Return every line from the one with "Pale Rose Metallic" through the one with "1792 Canon) ////", inclusive, exactly as it appears below.

*** Opening SUPPLIED MATERIAL ***

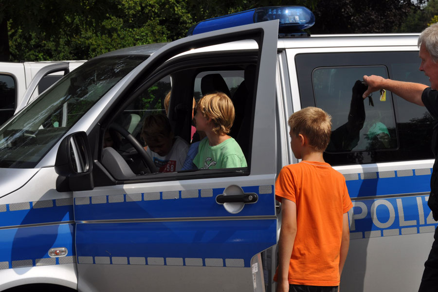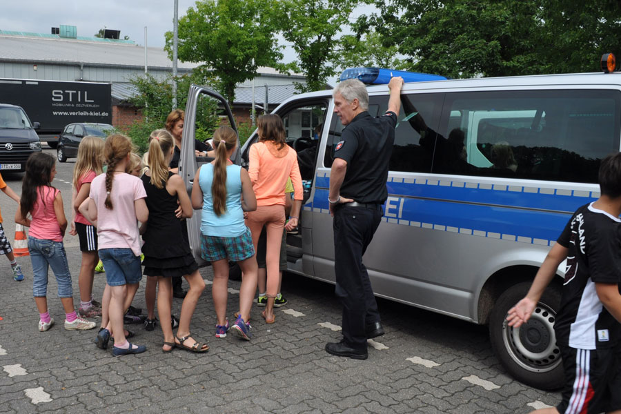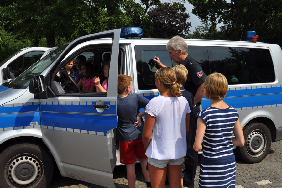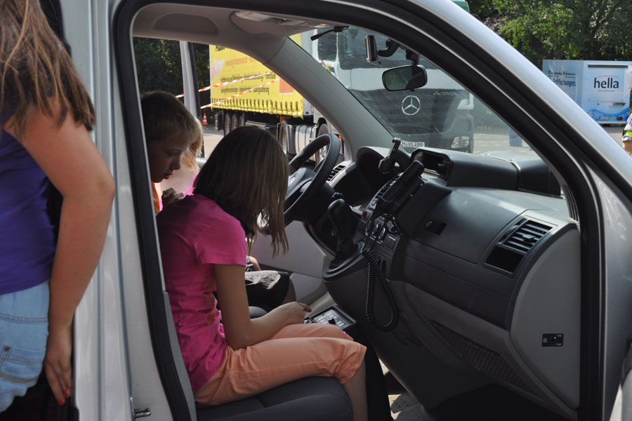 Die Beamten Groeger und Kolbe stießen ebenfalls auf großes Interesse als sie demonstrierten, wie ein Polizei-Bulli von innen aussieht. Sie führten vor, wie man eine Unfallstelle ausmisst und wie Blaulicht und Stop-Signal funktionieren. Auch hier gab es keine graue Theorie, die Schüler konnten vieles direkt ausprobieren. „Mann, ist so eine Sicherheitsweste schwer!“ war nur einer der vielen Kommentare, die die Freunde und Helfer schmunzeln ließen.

*** Closing SUPPLIED MATERIAL ***
*** Opening SUPPLIED MATERIAL ***

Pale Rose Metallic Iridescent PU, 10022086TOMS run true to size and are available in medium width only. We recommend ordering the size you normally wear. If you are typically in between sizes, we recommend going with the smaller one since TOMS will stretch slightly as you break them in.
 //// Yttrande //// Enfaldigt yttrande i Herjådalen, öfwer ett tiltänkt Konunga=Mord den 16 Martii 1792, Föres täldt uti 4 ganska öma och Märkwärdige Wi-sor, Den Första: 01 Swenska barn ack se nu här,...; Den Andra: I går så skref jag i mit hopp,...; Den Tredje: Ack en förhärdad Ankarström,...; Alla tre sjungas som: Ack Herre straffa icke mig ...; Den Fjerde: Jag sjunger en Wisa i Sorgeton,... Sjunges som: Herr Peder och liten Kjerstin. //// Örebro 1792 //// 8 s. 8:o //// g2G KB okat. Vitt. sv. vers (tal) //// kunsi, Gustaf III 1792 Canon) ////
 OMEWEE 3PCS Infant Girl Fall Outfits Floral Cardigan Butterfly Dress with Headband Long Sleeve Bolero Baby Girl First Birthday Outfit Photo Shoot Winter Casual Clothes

*** Closing SUPPLIED MATERIAL ***

* ANSWER TO THIS EXERCISE *
Pale Rose Metallic Iridescent PU, 10022086TOMS run true to size and are available in medium width only. We recommend ordering the size you normally wear. If you are typically in between sizes, we recommend going with the smaller one since TOMS will stretch slightly as you break them in.
 //// Yttrande //// Enfaldigt yttrande i Herjådalen, öfwer ett tiltänkt Konunga=Mord den 16 Martii 1792, Föres täldt uti 4 ganska öma och Märkwärdige Wi-sor, Den Första: 01 Swenska barn ack se nu här,...; Den Andra: I går så skref jag i mit hopp,...; Den Tredje: Ack en förhärdad Ankarström,...; Alla tre sjungas som: Ack Herre straffa icke mig ...; Den Fjerde: Jag sjunger en Wisa i Sorgeton,... Sjunges som: Herr Peder och liten Kjerstin. //// Örebro 1792 //// 8 s. 8:o //// g2G KB okat. Vitt. sv. vers (tal) //// kunsi, Gustaf III 1792 Canon) ////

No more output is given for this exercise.